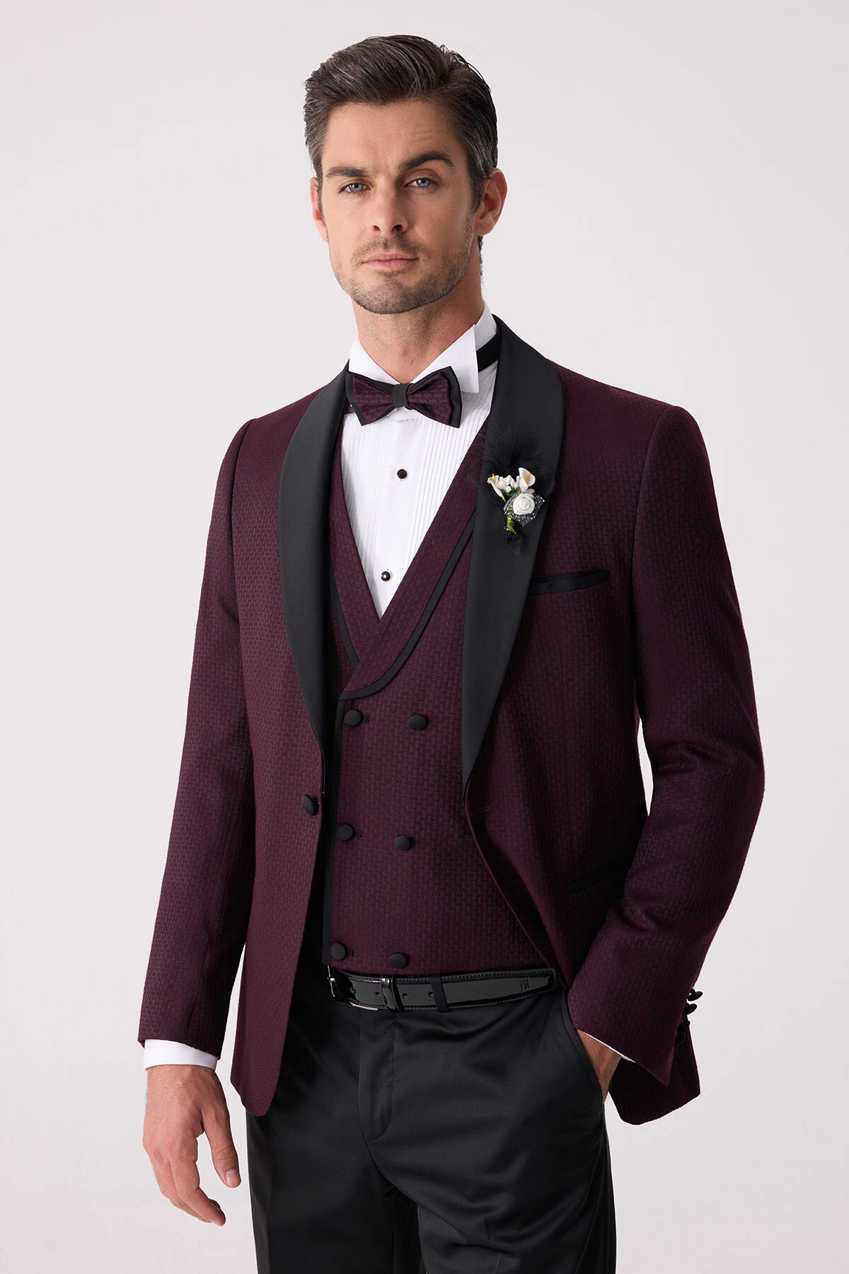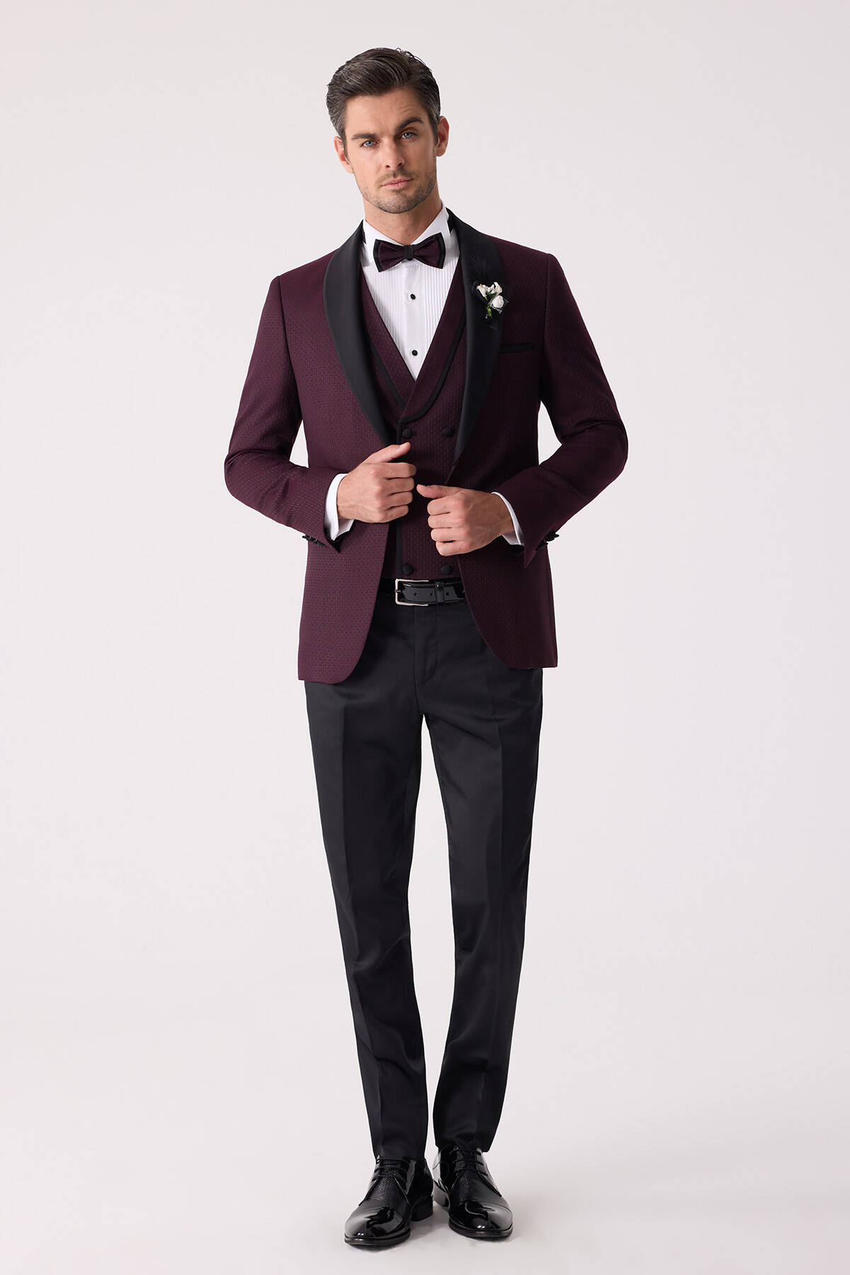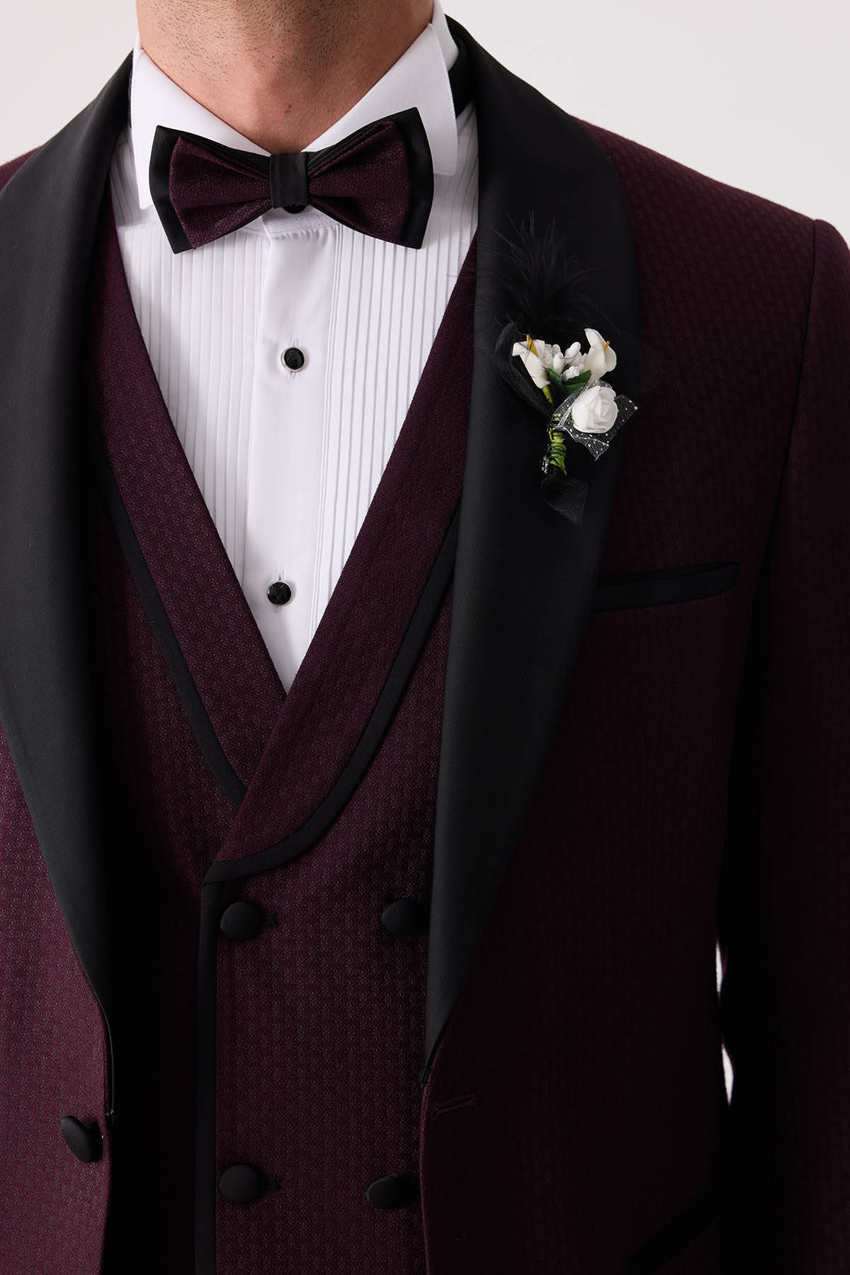 Klasik giyime çağdaş esintiler katan yelekli damatlık, çıkma şal yaka gibi hassas ayrıntıları sayesinde keskin gömlekleri en iyi şekilde tamamlar ve papyon görünümünü güçlendirir. Ata Yaka Gömlek gibi zarafeti tarihsel olarak kanıtlanmış parçalar damatlığın daha yüksek bir moda ifadesi oluşturmasını sağlayacaktır. Şık bir kış düğünü için mürdüm rengi takım elbiseyi; Ata Yaka Gömlek, deri kemer ve Oxford rugan ayakkabı modelleri ile tamamlayabilirsiniz. Aşkı ve sevgiyi en içten şekilde stilinize yansıtmak istiyorsanız yaka çiçeği ve zincirle damatlığa son dokunuş yapabilirsiniz. Siz de online alışverişe özel ayrıcalıklar ve mağazada ücretsiz tadilat gibi seçkin deneyimlerle YSF Giyim damatlık modellerini seçebilirsiniz!
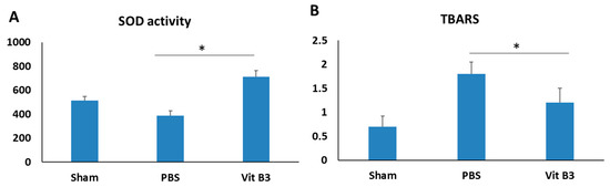 The ON infarction induced oxidative stress that degraded the antioxidant capacity of SOD [27]. Seven days after the infarction, the SOD activity in the PBS-treated group was 1.6-fold lower than that in the sham group (Figure 5A). On day 7 following rAION induction, the vitamin B3-treated group’s SOD activity was found to be 2.2 times higher than that of the PBS-treated group (p < 0.05) (Figure 5A).
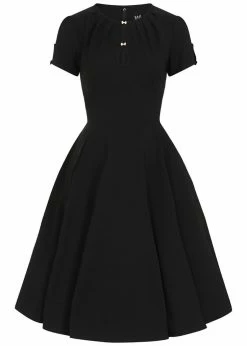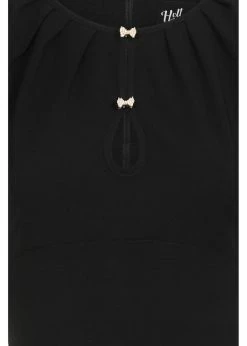What a beauty she is with her short cap sleeves with keyholes, a detail that returns at the chest, and yes: bow-buttons! She has an elegant fit thanks to the playful gatherings around the neck and the seams at the chest.
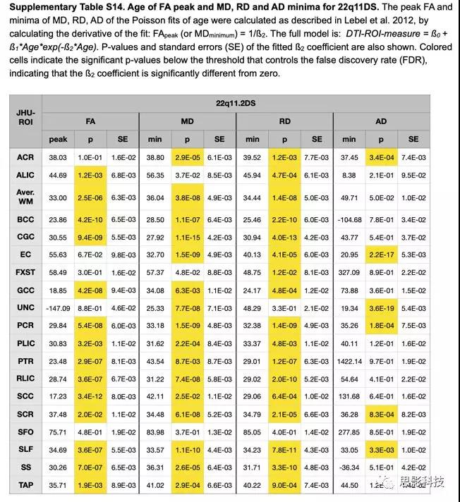 在所有DTI指標中,22q11DS組具有顯著性峰值/最小估計值的ROI較少(見表S13和S14)。
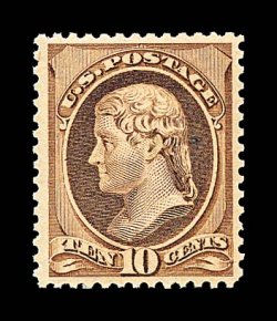 1326 og 209 image#209, 10c Brown, extraordinarily bright and fresh, deep luxuriant color and impression, excellent centering within large margins, pristine o.g. with just the barest trace of hinging (although accompanying certificate states "never hinged"), small natural inclusion, extremely fine; photocopy of a 2000 PF certificate for a block of six from which this stamp was taken. (Image) 175.00
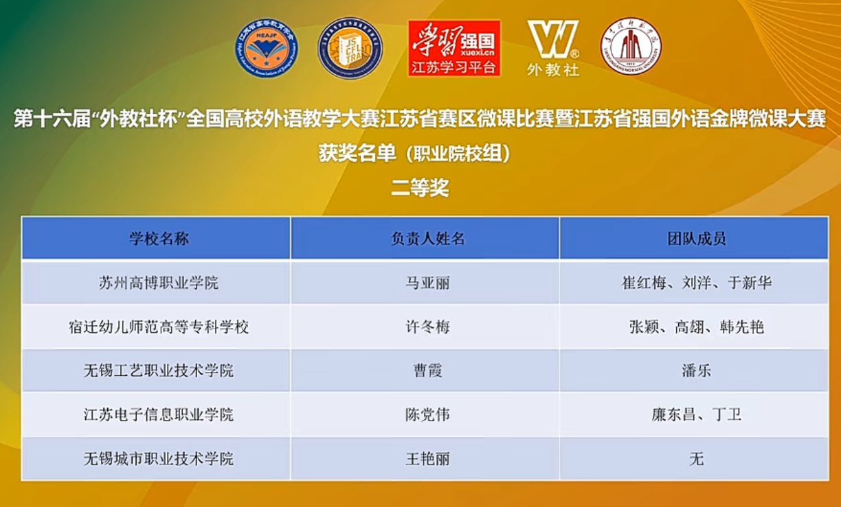 近日,第十六届“外教社杯”全国高校外语教学大赛江苏省赛区微课比赛暨江苏省强国外语金牌微课大赛圆满落幕,我校基础教育部英语教师团队凭借出色的表现荣获职业院校组二等奖,为学校争得了荣誉。此次获奖的英语教师团队由许冬梅、张颖、高翃、韩先艳四位教师组成。她们精心打造的微课作品“The Chinese Dream”,凭借独特的设计思路、明确的教学目标以及精彩的教学呈现,在众多参赛作品中脱颖而出。

☆ ☆ ☆

Exercise
Give back the entries verbatim. Do not include any picture.

Answer below
 Klasik giyime çağdaş esintiler katan yelekli damatlık, çıkma şal yaka gibi hassas ayrıntıları sayesinde keskin gömlekleri en iyi şekilde tamamlar ve papyon görünümünü güçlendirir. Ata Yaka Gömlek gibi zarafeti tarihsel olarak kanıtlanmış parçalar damatlığın daha yüksek bir moda ifadesi oluşturmasını sağlayacaktır. Şık bir kış düğünü için mürdüm rengi takım elbiseyi; Ata Yaka Gömlek, deri kemer ve Oxford rugan ayakkabı modelleri ile tamamlayabilirsiniz. Aşkı ve sevgiyi en içten şekilde stilinize yansıtmak istiyorsanız yaka çiçeği ve zincirle damatlığa son dokunuş yapabilirsiniz. Siz de online alışverişe özel ayrıcalıklar ve mağazada ücretsiz tadilat gibi seçkin deneyimlerle YSF Giyim damatlık modellerini seçebilirsiniz!
 The ON infarction induced oxidative stress that degraded the antioxidant capacity of SOD [27]. Seven days after the infarction, the SOD activity in the PBS-treated group was 1.6-fold lower than that in the sham group (Figure 5A). On day 7 following rAION induction, the vitamin B3-treated group’s SOD activity was found to be 2.2 times higher than that of the PBS-treated group (p < 0.05) (Figure 5A).
What a beauty she is with her short cap sleeves with keyholes, a detail that returns at the chest, and yes: bow-buttons! She has an elegant fit thanks to the playful gatherings around the neck and the seams at the chest.
 在所有DTI指標中,22q11DS組具有顯著性峰值/最小估計值的ROI較少(見表S13和S14)。
 1326 og 209 image#209, 10c Brown, extraordinarily bright and fresh, deep luxuriant color and impression, excellent centering within large margins, pristine o.g. with just the barest trace of hinging (although accompanying certificate states "never hinged"), small natural inclusion, extremely fine; photocopy of a 2000 PF certificate for a block of six from which this stamp was taken. (Image) 175.00
 近日,第十六届“外教社杯”全国高校外语教学大赛江苏省赛区微课比赛暨江苏省强国外语金牌微课大赛圆满落幕,我校基础教育部英语教师团队凭借出色的表现荣获职业院校组二等奖,为学校争得了荣誉。此次获奖的英语教师团队由许冬梅、张颖、高翃、韩先艳四位教师组成。她们精心打造的微课作品“The Chinese Dream”,凭借独特的设计思路、明确的教学目标以及精彩的教学呈现,在众多参赛作品中脱颖而出。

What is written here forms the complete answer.